There are two classes of functions that are not covered by GeneratorOptions: writing to a stream or returning a string. But you are right that pretty printing should be controlled by GeneratorOptions. I'll fix that. The suggestion to use pretty printing by default also sounds good.

August 14, 2015
On 14-Aug-2015 03:48, Walter Bright wrote:
> On 8/13/2015 5:18 PM, Adam D. Ruppe wrote:
>> On Thursday, 13 August 2015 at 03:44:14 UTC, Walter Bright wrote:
>>> Hah, I'd like to replace dmd.conf with a .json file.
>>
>> There's an awful lot of people out there replacing json with more
>> ini-like
>> files....
>
> We've currently invented our own, rather stupid and limited, format.
> There's no point to it over .json.

YAML is (plus/minus braces) the same but supports comments and is increasingly popular for hierarchical configuration files.

-- 
Dmitry Olshansky
August 14, 2015
Am 14.08.2015 um 07:11 schrieb Walter Bright:
> On 8/12/2015 12:44 AM, Sönke Ludwig wrote:
>> That's where Decimal would come in. There is some code for that
>> commented out,
>> but I really didn't want to add it without a standard Phobos
>> implementation. But
>> I wouldn't say that this is really an argument against BigInt, maybe
>> more one
>> for implementing a Decimal type.
>
> Make the type for storing a Number be a template parameter.
>

Then we'd lose the ability to distinguish between integers and floating point in the same lexer instantiation, which is vital for certain input files to avoid losing precision for 64-bit integers. The only solution would be to use Decimal, but that doesn't exist yet and would be slow.
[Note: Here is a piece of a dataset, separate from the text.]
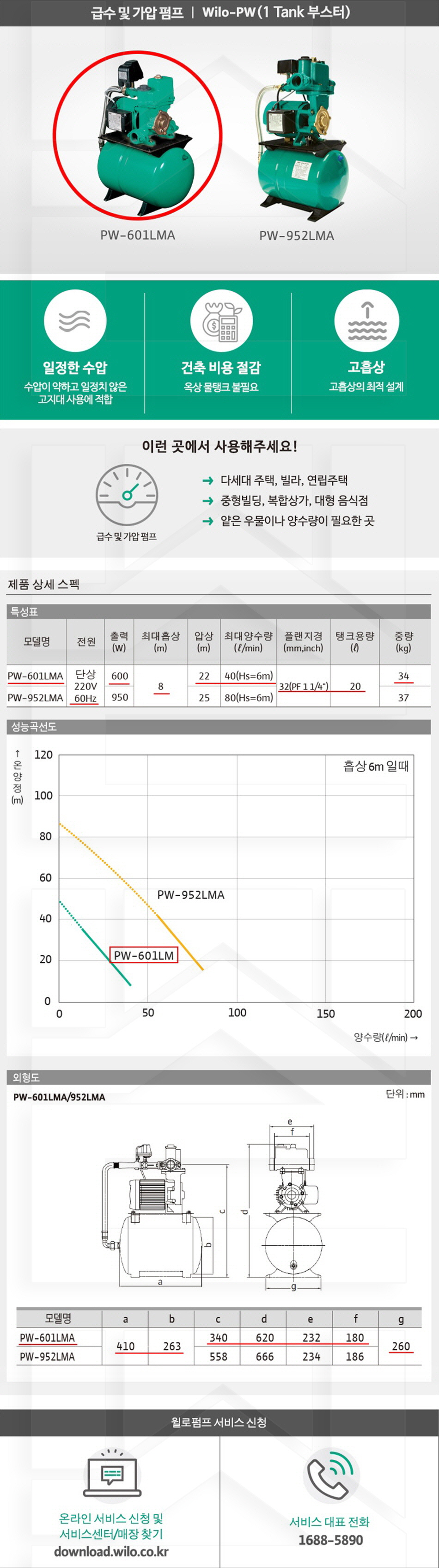 100-13-12-00000601 가압용 1tank 부스터, 고양정형 PW-601LMA 판매가 498,000 ~ 원 배송방법 일반배송 브랜드 제조사 윌로펌프 주식회사 상품옵션 품명 옵션코드 규격 중량 판매단위 회원가 수량 PW-601LMA 100-13-12-00000601 32A 34.0kg (34,000g) 0 498,000원 - + PW-952LMA/H 100-13-12-00000952 40A 37.0kg (37,000g) 0 643,000원 - + PW-2200MA 100-13-12-00002200 40A 52.0kg (52,000g) 0 1,459,000원 - + 총 상품 금액(VAT포함) 원 회원 / 비회원 구매하기 상품담기 제품상세정보 상품문의 (0) 배송 안내 반품/교환 안내 급수 가압 펌프 1Tank 부스터 상품 문의하기 배송안내 배송 안내 일반제품 당일 1시 이전 주문시 재고 여부에 따라 당일발송 재고 부족시 2~3일 소요 파손위험제품 (화물택배/차량배송) 파손위험이 큰 제품은 빠렛트로 포장되어 차량으로 이동됩니다. 고객님이 지정한 장소와 가장 가까운 차량접근이 가능한 도로까지만 배송 주문물량 및 제품의 특성에 따라 화물, 화물택배. 합짐차량. 단독차량으로 고객님의 요청에 따라 운송 차량 지정 제품 하차시 파손이 있을 수 있으므로, 꼭 하차전 제품을 확인 고객센터 고객 센터 010-6539-7900 상담시간 오전 09시 ~ 오후 6시 점심 : 12:00 ~ 13:00 / 휴일 : 토, 일요일, 공휴일 반품/교환 안내 제품의 하자 및 오배송은 문의 주시면 즉시 처리해드리겠습니다. 반품/교환 판매자 지정택배사 : CJ대한통운 반품배송비(편도) : 3,000원 교환배송비(왕복) : 6,000원 보내실 곳 : 전라북도 전주시 완산구 콩쥐팥쥐로 1570 * 반품/교환 사유에 따른 요청 가능 기간 구매자 단순 변심 : 상품수령후 7일이내(구매자 반품 배송비 부담) 반품/교환 불가능 사유 교환/반품 요청 기간이 지난 경우 소비자의 책임 있는 사유로 상품 등이 분실/파손/훼손된 경우 소비자의 사용/소비에 의해 상품 등의 가치가 현저히 감소한 경우 제품을 설치 또는 장착하였을 경우 주문제작 상품중 상품제작에 들어간 경우 제품을 하차 또는 시공 후의 공정과정에서 일어난 파손의 경우 교환 반품시 고객 부담 배송비를 지불하지 아니한 경우 * 펌프제품은 미사용, 포장박스 미훼손 시에만 교환/반품이 가능합니다. 고객센터 고객 센터 010-6539-7900 상담시간 오전 09시 ~ 오후 6시 점심 : 12:00 ~ 13:00 / 휴일 : 토, 일요일, 공휴일
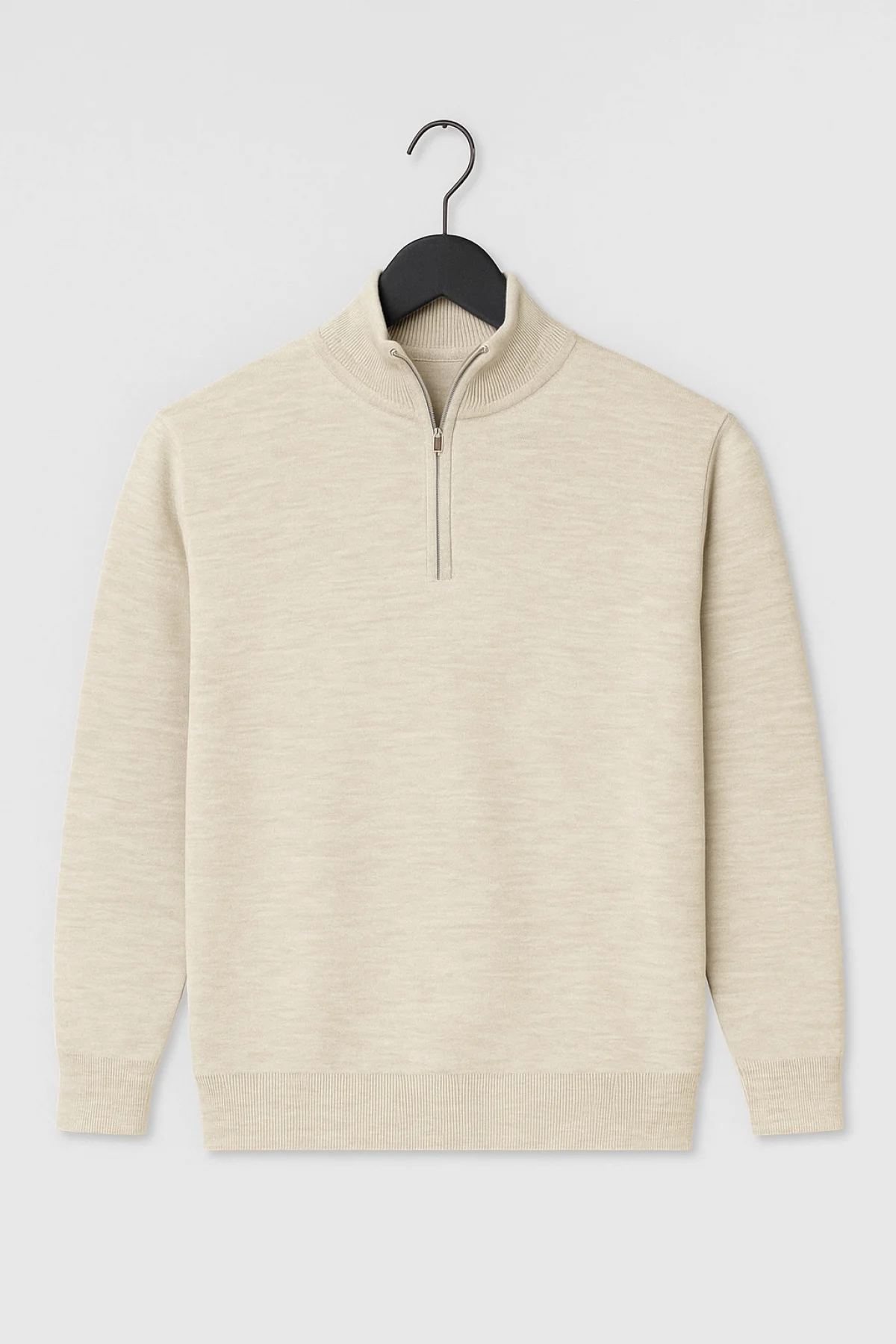 Erkek Yarım Fermuarlı Normal Kalıp Kazak Krem Cd116

But the use of BigInt is already controlled by a template parameter, only the std.bigint import is currently there unconditionally.
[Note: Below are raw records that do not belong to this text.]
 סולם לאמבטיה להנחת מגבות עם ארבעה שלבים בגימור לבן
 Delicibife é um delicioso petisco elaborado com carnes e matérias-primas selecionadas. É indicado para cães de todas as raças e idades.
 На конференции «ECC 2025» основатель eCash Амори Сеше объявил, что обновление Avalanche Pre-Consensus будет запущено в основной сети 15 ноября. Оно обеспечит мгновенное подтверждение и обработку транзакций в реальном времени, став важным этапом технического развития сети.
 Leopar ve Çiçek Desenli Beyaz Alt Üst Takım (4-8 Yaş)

Hm, another idea would be to store a void* (to a BigInt) instead of a BigInt and only import std.bigint locally in the accessor functions.
August 14, 2015
On Friday, 14 August 2015 at 07:14:34 UTC, Sönke Ludwig wrote:
> Am 14.08.2015 um 07:11 schrieb Walter Bright:
>> Make the type for storing a Number be a template parameter.
>>
>
> Then we'd lose the ability to distinguish between integers and floating point in the same lexer instantiation, which is vital for certain input files to avoid losing precision for 64-bit integers. The only solution would be to use Decimal, but that doesn't exist yet and would be slow.
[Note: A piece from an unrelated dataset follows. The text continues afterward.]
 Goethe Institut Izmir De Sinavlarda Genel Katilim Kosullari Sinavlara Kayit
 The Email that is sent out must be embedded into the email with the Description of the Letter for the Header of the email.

Why can't you specify many types? You should be able to query the range/precision of each type?

August 14, 2015
On 8/14/2015 12:14 AM, Sönke Ludwig wrote:
> Am 14.08.2015 um 07:11 schrieb Walter Bright:
>> Make the type for storing a Number be a template parameter.
> Then we'd lose the ability to distinguish between integers and floating point in
> the same lexer instantiation, which is vital for certain input files to avoid
> losing precision for 64-bit integers. The only solution would be to use Decimal,
> but that doesn't exist yet and would be slow.

Two other solutions:

1. 'real' has enough precision to hold 64 bit integers.

2. You can use a union of 'long' and a template type T. Use the 'long' if it fits, and T if it doesn't.